Provided records.
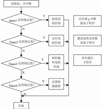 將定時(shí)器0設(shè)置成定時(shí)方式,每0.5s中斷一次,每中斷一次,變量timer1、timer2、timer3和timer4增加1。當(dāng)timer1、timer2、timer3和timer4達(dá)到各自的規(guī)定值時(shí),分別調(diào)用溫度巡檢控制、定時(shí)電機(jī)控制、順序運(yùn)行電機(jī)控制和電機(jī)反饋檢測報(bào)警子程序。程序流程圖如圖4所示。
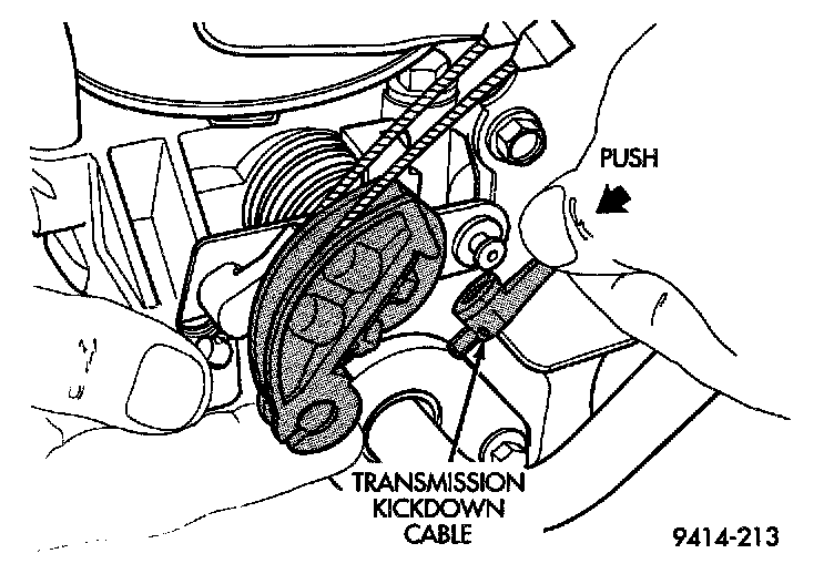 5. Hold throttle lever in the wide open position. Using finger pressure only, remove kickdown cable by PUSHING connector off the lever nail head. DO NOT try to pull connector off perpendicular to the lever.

* * *

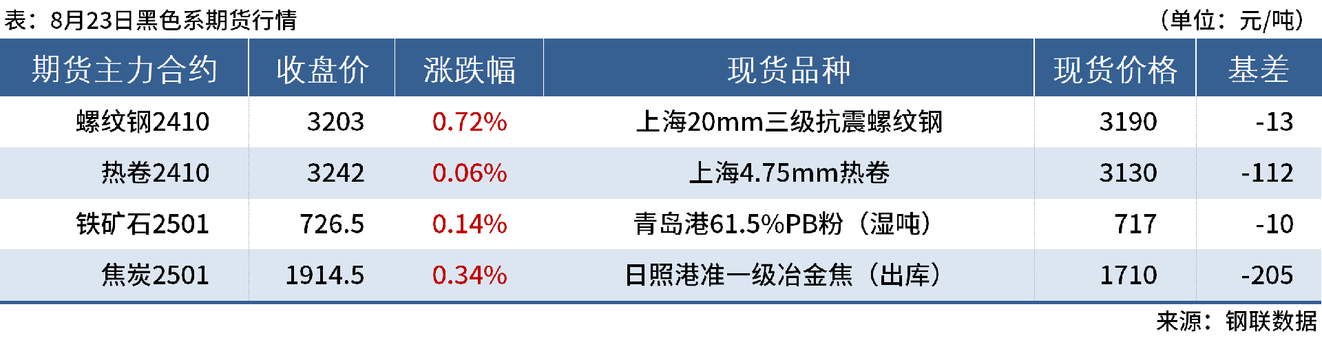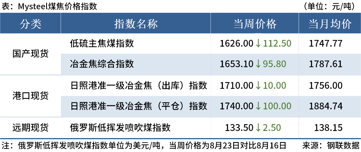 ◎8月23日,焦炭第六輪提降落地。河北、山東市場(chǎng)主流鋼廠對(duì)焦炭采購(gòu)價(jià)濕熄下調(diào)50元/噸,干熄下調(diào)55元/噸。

* * *

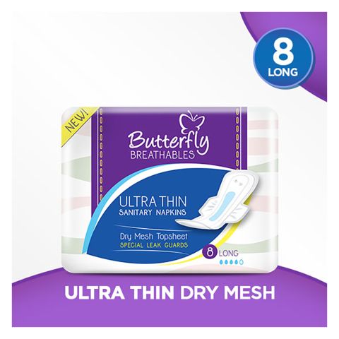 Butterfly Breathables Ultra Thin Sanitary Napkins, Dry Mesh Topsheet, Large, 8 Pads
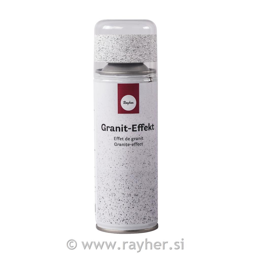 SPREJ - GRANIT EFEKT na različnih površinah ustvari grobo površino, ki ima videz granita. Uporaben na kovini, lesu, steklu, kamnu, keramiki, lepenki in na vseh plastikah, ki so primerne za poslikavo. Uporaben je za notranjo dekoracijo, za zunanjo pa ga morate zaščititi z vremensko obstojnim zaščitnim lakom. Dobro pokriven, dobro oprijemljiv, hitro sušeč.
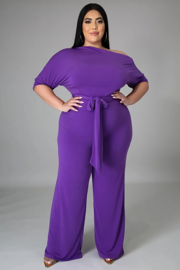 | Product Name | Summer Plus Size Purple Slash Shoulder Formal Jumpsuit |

Your goal.
When you reach the line with "將定時(shí)器0設(sh" in the records above, start writing out each line exactly, and stop after the line with "5. Hold throttle". Pictures stay out.

Response below.
 將定時(shí)器0設(shè)置成定時(shí)方式,每0.5s中斷一次,每中斷一次,變量timer1、timer2、timer3和timer4增加1。當(dāng)timer1、timer2、timer3和timer4達(dá)到各自的規(guī)定值時(shí),分別調(diào)用溫度巡檢控制、定時(shí)電機(jī)控制、順序運(yùn)行電機(jī)控制和電機(jī)反饋檢測報(bào)警子程序。程序流程圖如圖4所示。
 5. Hold throttle lever in the wide open position. Using finger pressure only, remove kickdown cable by PUSHING connector off the lever nail head. DO NOT try to pull connector off perpendicular to the lever.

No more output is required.